Не надела Доброгнева тот браслет – из внутреннего недоброжелательства к старшему родичу своего мужа, и впредь всегда игнорировала…
XXXVIII
Меж тем, Молчан удостоверился: все в сборе. И вывел в мыслях: «Либо не донеслось до них известие о Жихоре, либо решили они презреть его».
В любом случае предстояло действовать по намеченному плану. И да поможет всем Стрибог!
В канун особливо опасных дел Молчан не избегал взывать к небесам.
Вот и в ожидании схватки с отрядом Булгака, обратился он к Стрибогу, Даждьбогу, Перуну и Сварогу – богу неба и небесного огня. Обращался не вслух, лишь шевелил беззвучно губами.
И не расслышал, что обозначился сзади Путята, спросив чуть ли не в ухо:
– Досталось тебе от Невзора? Не подслушивал я, а вем: досталось! У Невзора иначе и не бывает.

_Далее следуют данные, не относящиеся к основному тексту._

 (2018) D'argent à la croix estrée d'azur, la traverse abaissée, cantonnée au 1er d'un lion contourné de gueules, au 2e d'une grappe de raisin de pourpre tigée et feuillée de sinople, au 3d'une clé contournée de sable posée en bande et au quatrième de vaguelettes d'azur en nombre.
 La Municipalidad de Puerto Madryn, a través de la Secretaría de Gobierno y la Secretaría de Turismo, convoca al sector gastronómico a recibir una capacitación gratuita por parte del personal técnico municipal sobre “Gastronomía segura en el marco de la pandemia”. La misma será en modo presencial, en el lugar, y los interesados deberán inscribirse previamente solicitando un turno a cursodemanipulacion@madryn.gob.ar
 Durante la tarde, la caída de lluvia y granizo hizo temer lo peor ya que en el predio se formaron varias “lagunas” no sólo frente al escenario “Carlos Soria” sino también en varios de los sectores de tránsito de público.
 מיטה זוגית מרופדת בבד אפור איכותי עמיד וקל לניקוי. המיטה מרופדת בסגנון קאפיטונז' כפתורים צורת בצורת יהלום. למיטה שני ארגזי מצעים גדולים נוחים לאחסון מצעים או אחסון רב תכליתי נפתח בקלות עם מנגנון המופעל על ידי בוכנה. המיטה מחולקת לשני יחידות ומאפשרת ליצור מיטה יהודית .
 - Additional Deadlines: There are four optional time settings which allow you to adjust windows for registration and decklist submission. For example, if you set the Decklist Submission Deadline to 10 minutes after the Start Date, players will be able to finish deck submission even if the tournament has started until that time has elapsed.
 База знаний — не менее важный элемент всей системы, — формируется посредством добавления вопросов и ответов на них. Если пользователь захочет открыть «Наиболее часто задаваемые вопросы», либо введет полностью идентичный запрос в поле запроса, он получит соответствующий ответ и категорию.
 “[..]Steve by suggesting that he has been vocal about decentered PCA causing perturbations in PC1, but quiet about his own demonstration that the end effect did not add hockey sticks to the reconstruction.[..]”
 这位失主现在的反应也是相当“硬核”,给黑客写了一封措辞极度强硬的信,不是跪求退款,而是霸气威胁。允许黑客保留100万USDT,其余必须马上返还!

Однако в бою мало ему равных. Могуч! Единожды меня, раненого, спас, когда с дружиной Владимира-князя бились. На себе вынес…

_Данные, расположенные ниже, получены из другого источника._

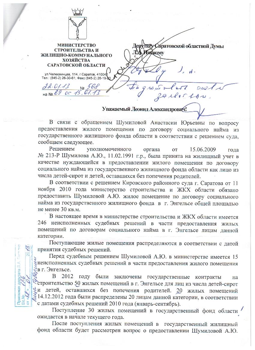 ЕЩЁ РАЗ Здравствуйте Ув,ЧИНОВНИКИ ПОМОГИТЕ ПРОШУ РАДИ СЫНА И ВСЕХ ЭНГЕЛЬССКИХ СИРОТ ещё раз обращаюсь к вам с мольбой стоя на коленях.Я ОЧЕНЬ ХОЧУ ИМЕТЬ СВОЙ УГОЛОК ПОЖАЛУЙСТА НЕ ПИШИТЕ ПИСЕМ ЧТО В ЭНГЕЛЬСЕ НЕТ ЖИЛЬЯ Просто напишите когда оно будет я Устала поймите устала скиталась по улицам быть БОМЖИХОЙ мой сыночек просит вместе со мной пожалуйста помогите вчера смотрели новости на 1канале http://www.1tv.ru/news/other/219285 там показывали меня и моего сыночка посмотрите и поверите мне жить нам НЕГДЕ поймите НЕГДЕ -МЫ БОМЖИ Государство нас с интерната выгнала на улицу а ЭНГЕЛЬССКИЕ ВЛАСТИ меня видеть не хотят ,Они наверное сейчас покупают подарки своим детишкам,а про таких как я сирот БЕЗДОМНЫХ им нет времени и думать !!!!! .Добрая женщина пустила нас,в комнату в общежитие,7кв,м у нас нет газа,гор,воды,но я молчала потому-что это лучше чем с ребёнком на улицу..ВСЕ Я ОЧЕНЬ ДОЛГО терпела,а сейчас я просто не знаю что мне делать пожалуйста.умоляю.прошу.молю помогите скажите мне когда нибудь дадут хоть какой нибудь уголок с крышей над головой,Я устала,все мои сёстры тоже бомжуют,а в Энгельсе жилья нам не дают приставы молчат и гонят нас мы же из коррекционного интерната-а значит дураки.В ЭНГЕЛЬСЕ столько много жилья но неужели нет старых квартир мы согласны на любую лишь -бы не на улицу ПОМОГИТЕ, МНЕ очень плохо. и трудно жить,но ради своего сыночка я готова ползать перед всеми на коленях простите,помогите!! не дайте мне остаться на улице Шумилова Анастасия Юрьевна и Димочка-2годаг,Энгельс89172178399 89873605696 http://www.1tv.ru/news/other/219285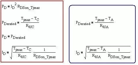 ID定义为芯片在最大额定结温TJ(max)下,管表面温度在25℃或者更高温度下,可允许的最大连续直流电流。该参数为结与管壳之间额定热阻RθJC和管壳温度的函数: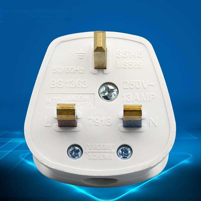 Pin Electrical PlugRewireable Plug with Fuse Male DetachableRemovable Power Wiring Plug
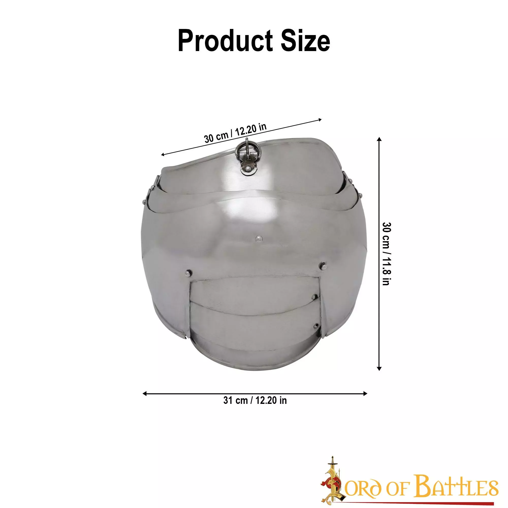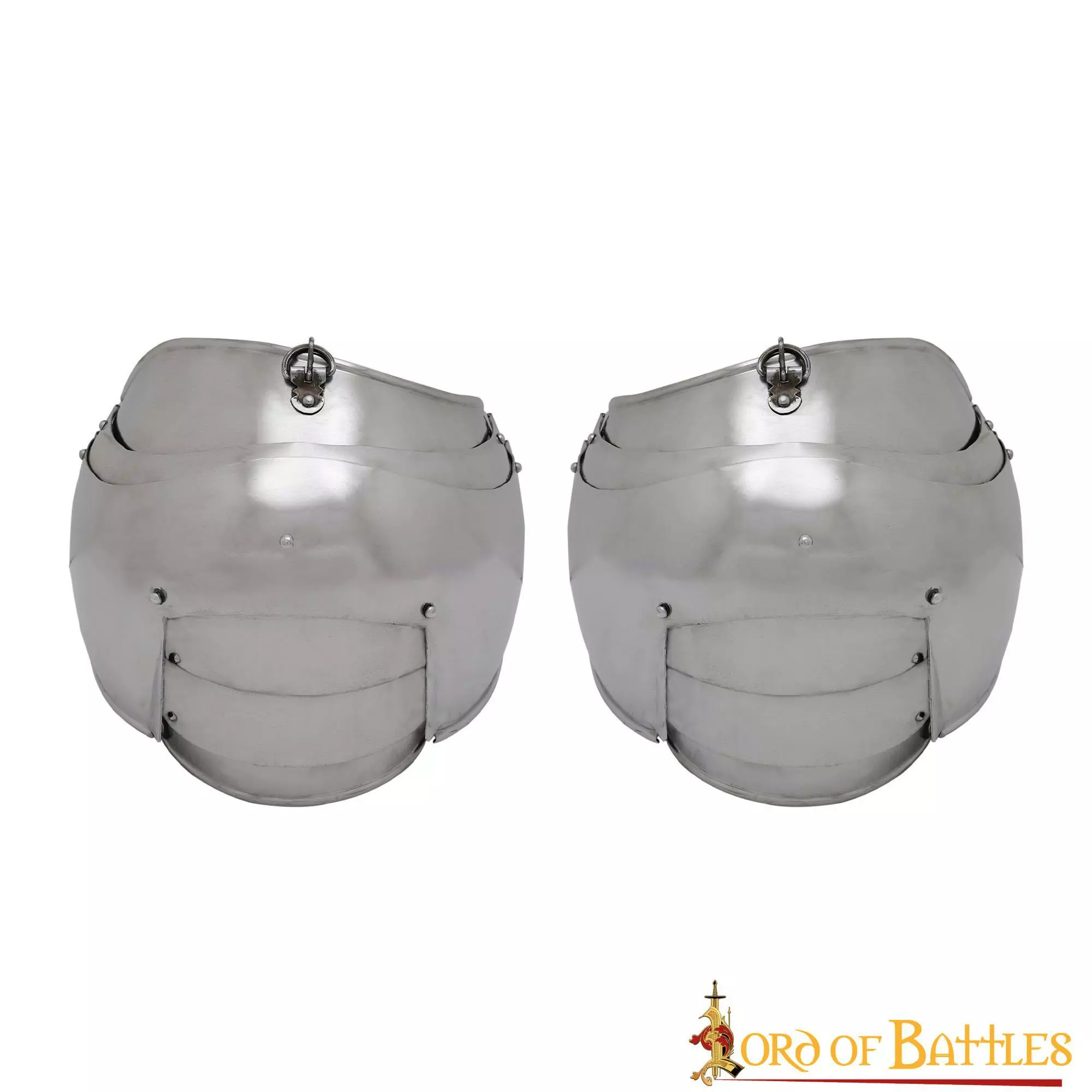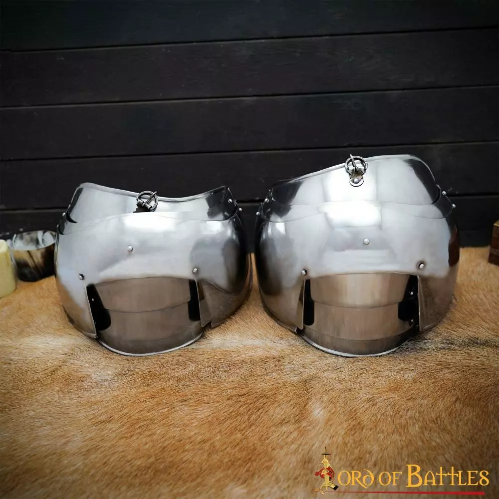 Nuestro juego de pañolones renacentistas está bien articulado para aumentar la flexibilidad y la amplitud de movimiento. Ambos tienen hebillas centrales de acero resistente que pueden anclarse fácilmente a las correas de cuero de una gorguera o pechera.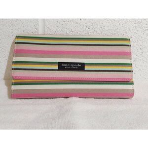 Kate Spade Multicolor Stripe Canvas Large Wallet Pink Lining Checkbook Holder

Доверяю ему, равно самому себе. И ты доверяй: суров он, зато надежен. Истинный вой!
Молчан обернулся. Путята уж облачился в кольчужный свой доспех с наручами, из ворота коего проглядывала чистая рубаха василькового цвета.
Белого он не чтил, полагая, что тот боле годится для одежд на погребальном костре в мирные дни, а на смерть в бой идучи, лучше всего васильковый.

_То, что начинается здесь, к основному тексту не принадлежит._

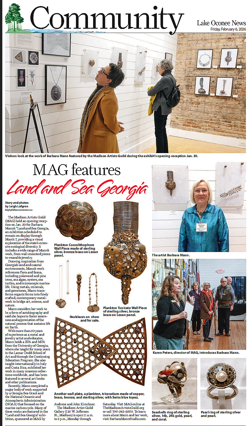“Jewelry and Metal Work by Barbara Mann,” presentation to Athens Metal Arts Guild, Lyndon House Arts Center, Athens, GA, March 16, 2025.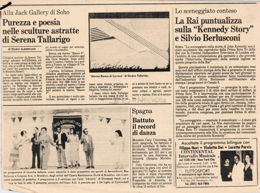 Arte e Spettacolo, “Purezza e Poesia nelle sculture astratte di Serena Talllarigo” di Mario Albertazzi, il Progresso, New York, Usa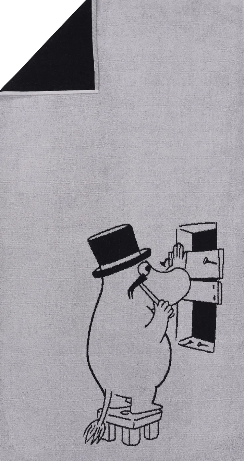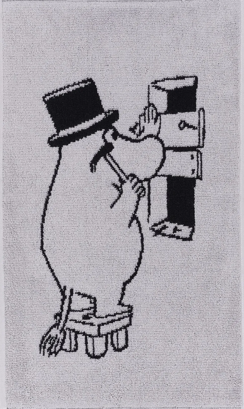 Nyd den bløde hygge i Mumihåndklædet med motiv af Mumifar som dygtig handyman. Mumi h. håndklæde 30×50 Mumifar grå, økologisk bomuld.

И уверял, похохатывая: «В рубахе такового окраса, особого, я на том свете точно приглянусь Ладе! И подберет она мне, богиня брака, невесту – самую пригожую изо всех покойниц!»
Решив, что верным было бы восстановить перед боем самые лучшие отношения со старшим своим родичем, Молчан попробовал подольститься:
– Родич, вспоминал токмо что о подвигах твоих, киевских, и аж завидки взяли! Мне бы то, да не сумел бы…
Герой ты! – и не стану баять по-иному. Горжусь, что в родстве мы!
Путята вначале не поддался на столь бесстыдную лесть чрез всякий край. И молвил с откровенной недоверчивостью:
– Что-то странна речь твоя, горячая, будто улещиваешь красную девицу. Не похоже сие на тебя…
– Знамо, не похоже. Ведь выправился, осознав неправоту! Теперь-то, перед схваткой, нет резона таиться. Может, и боле повинился бы, да токмо сам ты немного рассказывал о своих подвигах, – живо оспорил Молчан старшего родича, одновременно запуская, аки живца, и лукавство.
И клюнул Путята!
– Ладно, будь по-твоему! Раз еще нет соловья иль кукушки с дозорного древа, и в нетерпении я, поведаю еще об одном свершении в Киеве – чисто время скоротать… Все одно, боле нечем отвлечься.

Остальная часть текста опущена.